To obtain the best model with regularization we re-define the `build_model` function with the architecture that we found from the previous hyperparameter search:

In [None]:
HPS.Float("l1_val", min_value=1e-9, max_value=1.0, sampling="log")
HPS.Float("l2_val", min_value=1e-9, max_value=1.0, sampling="log")

In [17]:
def build_model(hp):
    input_layer = keras.layers.Input(x_train.shape[1])
    layer = input_layer
    layer = keras.layers.Dense(
        units=320,
        activation="relu",
        kernel_regularizer=keras.regularizers.l1_l2(
            l1=hp.get("l1_val"), l2=hp.get("l2_val")
        ),
    )(layer)
    layer = keras.layers.Dense(
        units=288,
        activation="relu",
        kernel_regularizer=keras.regularizers.l1_l2(
            l1=hp.get("l1_val"), l2=hp.get("l2_val")
        ),
    )(layer)
    layer = keras.layers.Dense(
        units=288,
        activation="relu",
        kernel_regularizer=keras.regularizers.l1_l2(
            l1=hp.get("l1_val"), l2=hp.get("l2_val")
        ),
    )(layer)
    layer = keras.layers.Dense(
        units=256,
        activation="relu",
        kernel_regularizer=keras.regularizers.l1_l2(
            l1=hp.get("l1_val"), l2=hp.get("l2_val")
        ),
    )(layer)
    layer = keras.layers.Dense(
        units=256,
        activation="relu",
        kernel_regularizer=keras.regularizers.l1_l2(
            l1=hp.get("l1_val"), l2=hp.get("l2_val")
        ),
    )(layer)
    layer = keras.layers.Dense(
        units=320,
        activation="relu",
        kernel_regularizer=keras.regularizers.l1_l2(
            l1=hp.get("l1_val"), l2=hp.get("l2_val")
        ),
    )(layer)

    output_layer = keras.layers.Dense(y_train.shape[1])(layer)

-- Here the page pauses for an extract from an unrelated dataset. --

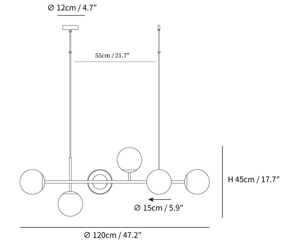 59″ Adjustable hanging height cable, which can be lengthened as required.
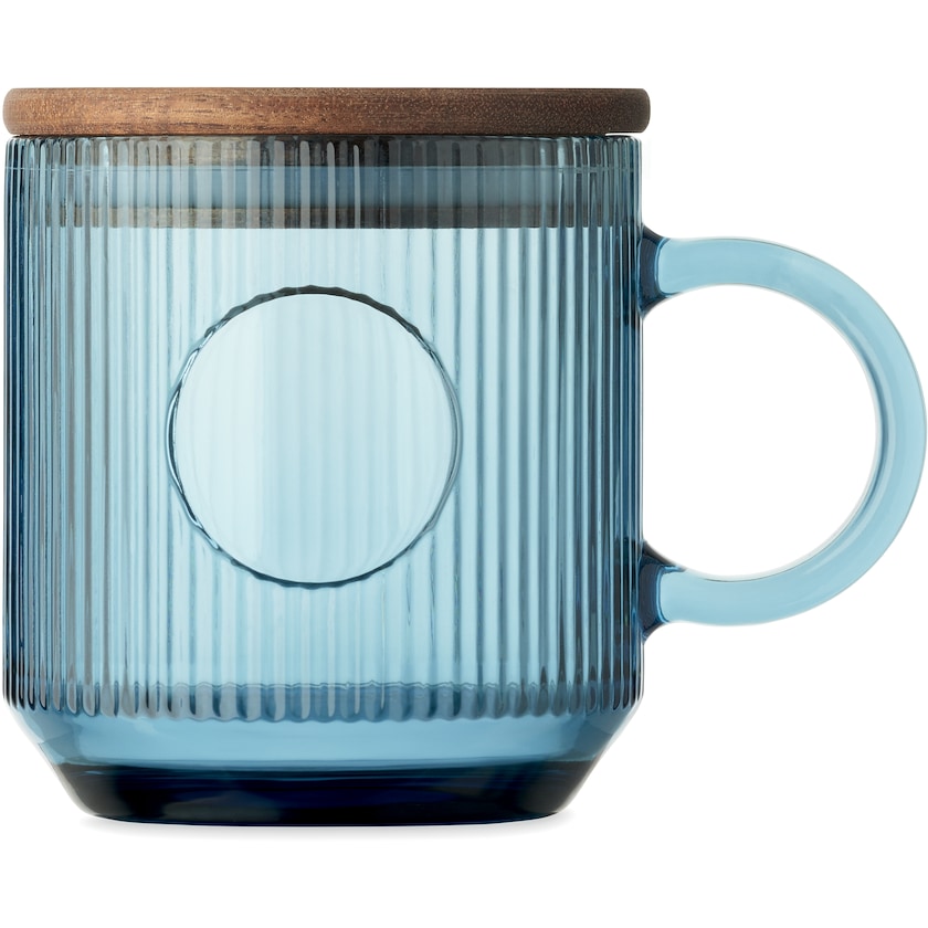 Ansprechend geriffelter Glasbecher mit Holzdeckel. Der Aufdruck befindet sich auf der glatten, kreisförmigen Oberfläche auf der Vorderseite des Bechers. Der Deckel besteht aus FSC-zertifiziertem Akazienholz.

    model = keras.models.Model(inputs=input_layer, outputs=output_layer)
    model.compile(
        optimizer="adam",
        loss=keras.losses.MeanSquaredError(),
        metrics=[keras.metrics.MeanSquaredError()],
    )
    model.summary()
    return model

Now we can search the same way as before

In [None]:
tuner.search_space_summary()
tuner.search(
    x_train,
    y_train,
    batch_size=batch_size,
    epochs=epochs,
    callbacks=callbacks,
    validation_split=0.1,
)

In [None]:
tuner.results_summary(1)
best_model = tuner.get_best_models(1)[0]
best_hyperparameters = tuner.get_best_hyperparameters(1)[0]

# References to best trial assets
best_trial_id = tuner.oracle.get_best_trials(1)[0].trial_id
best_trial_dir = tuner.get_trial_dir(best_trial_id)

Now we can save our new best model that is fully optimized:

In [None]:
# best_model.save("best_model_dndE_GSCE.h5")

### Above we demonstrated the training of the continuous model. The training of the maximum energy model is done equivalently.